I'll post an update once I talk to vet and/or go home for lunch. Thanks everyone.


----------



## Tiny Poodles (Jun 20, 2013)

5 or 6 days would be my worry point, but would not expect anything until she has been off the binding diet for a couple of days!


Sent from Petguide.com Free App


----------



## Lily's-Mom (May 31, 2012)

The vet recommended keeping her on the bland (binding) diet until poop was normal. How long should I keep her on the beef and rice diet if no poop? 5 or 6 days without poop would really worry me. Should I add a little kibble? Oh geez...I'm confused. Going to call vet during my lunch break. Thanks again for your input. I really appreciate it. :adore:


----------



## Chagall's mom (Jan 9, 2010)

If her energy level is good, she's eating, she has no fever, I don't think you need to worry (easy to say, harder to do!). I promise you she_ will _do doo-doo again.  Typically my dogs have rebounded from "ordinary" GI distress following 3-4 days of strictly bland diet. You know by now I'm a linking fool, so here's one!
Diarrhea in Dogs: Don?t Let It Catch You Unprepared


----------



## Lily's-Mom (May 31, 2012)

Thanks, will check out that link.
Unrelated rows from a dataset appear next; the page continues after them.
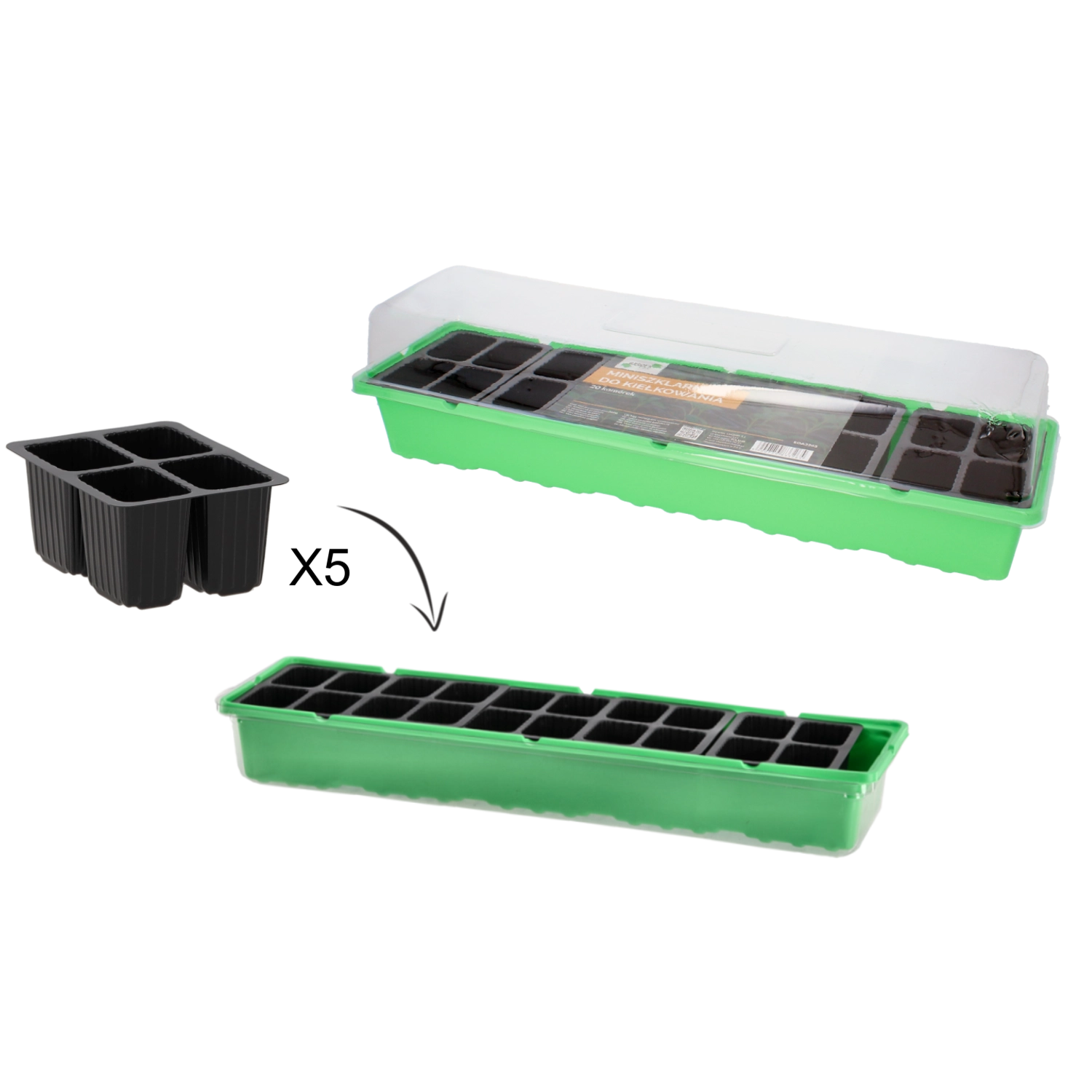 De gesegmenteerde tray met 20 cellen maakt het mogelijk om zaaiplannen te maken, rassen te scheiden en eenvoudig te verplanten zonder wortelschade.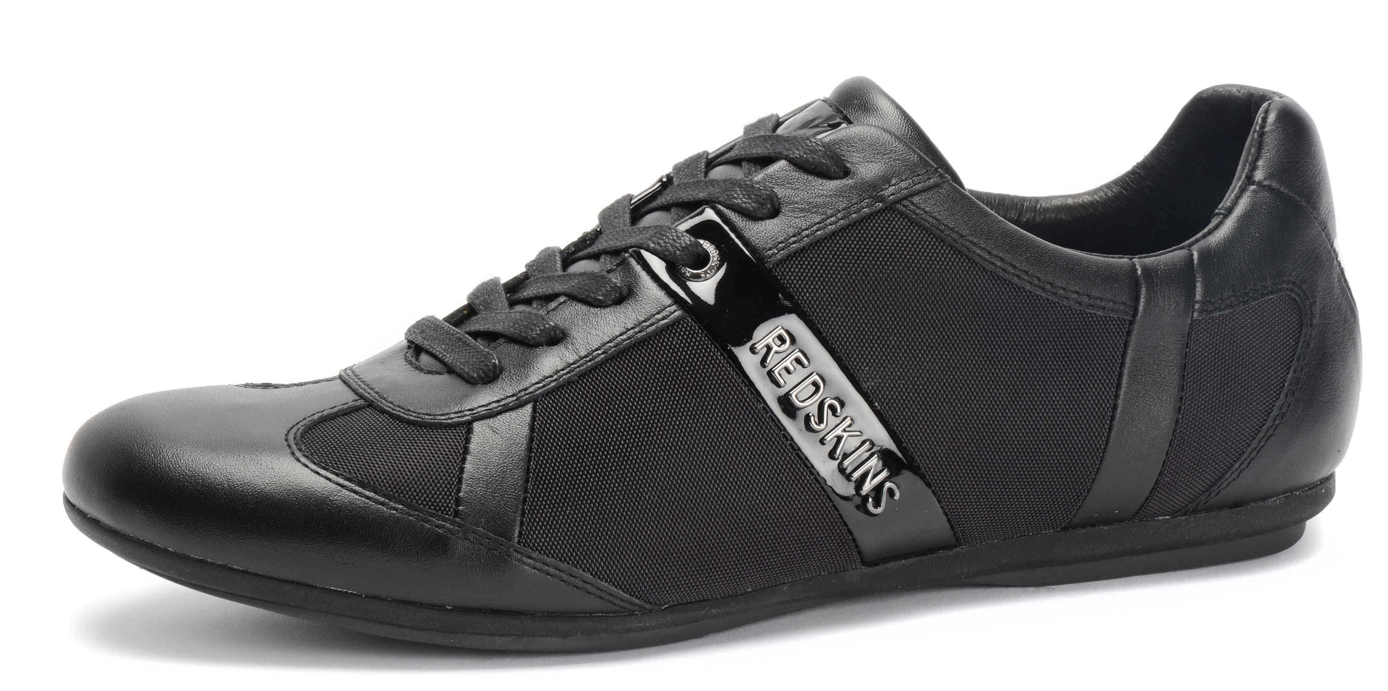 Baskets Ville, dessus Cuir et Toile avec 1 bande vernie, Semelles en Elastomère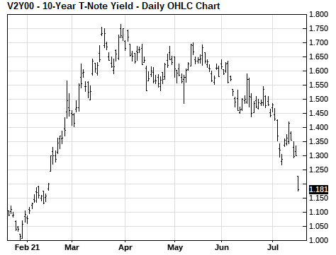 Meanwhile, the bond market confirmed the worries about the delta variant. The 10-year T-note yield on Monday fell by -10 bp to 1.19% and posted a new 5-month low. The 10-year T-note yield has now plunged by a total of -58 bp from March’s 1-1/2 year high of 1.77%.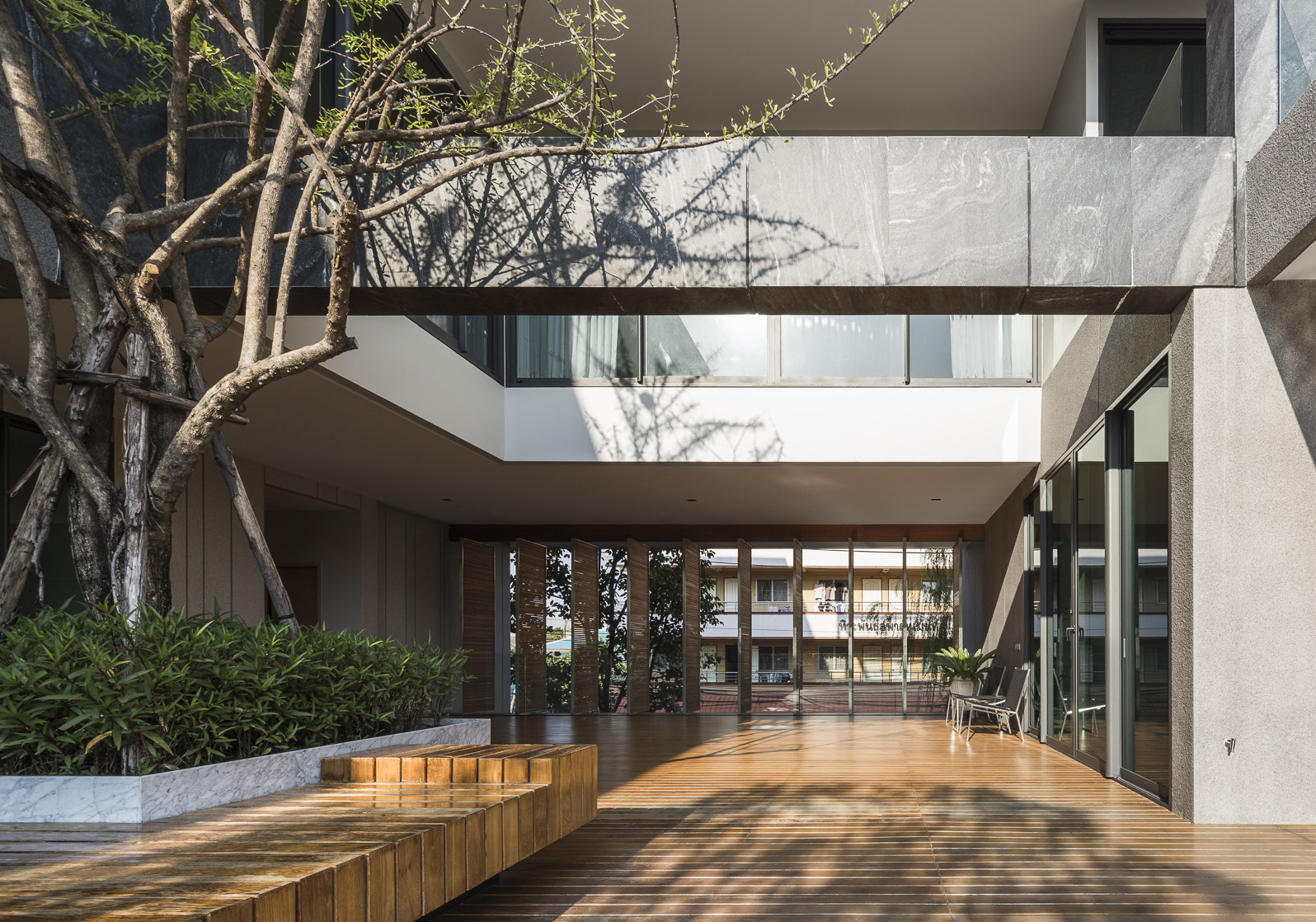 ด้วยพื้นที่ชั้น 1 ประกอบไปด้วยที่จอดรถห้องพักแม่บ้าน ห้องเครื่องสระว่ายน้ำ รวมถึงห้องเซอร์วิสต่าง ๆ ทำให้หัวใจหลักของบ้านและพื้นที่อยู่อาศัยจริงๆเริ่มต้นที่ชั้น 2 ซึ่งพื้นที่ชานแบบไทยๆภายใต้สีเขียวต้นไม้ และสีฟ้าของน้ำในสระว่ายน้ำที่ขนานไปกับตัวบ้านก็อยู่ในชั้นนี้ด้วย ช่วยสร้างบรรยากาศแห่งความร่มรื่นคล้ายบ้านไทยริมน้ำในสมัยก่อนได้เป็นอย่างดี นอกจากนี้ยังทำให้รู้สึกว่าเป็นส่วนตัวมากขึ้นอีกด้วย

Yes, all her vital signs were good and vet said she's a healthy dog (this was the first time this particular vet saw her, we usually see his son). So I'll try not to freak out about no poop and continue with the bland diet. Thanks


----------



## Chagall's mom (Jan 9, 2010)

Another good source to bookmark for any health concerns IMO is the Merck Veterinary Manual. Here's a link to the GI section for dogs.:dog: I will quit linking now, hope all is soon well with Lily!!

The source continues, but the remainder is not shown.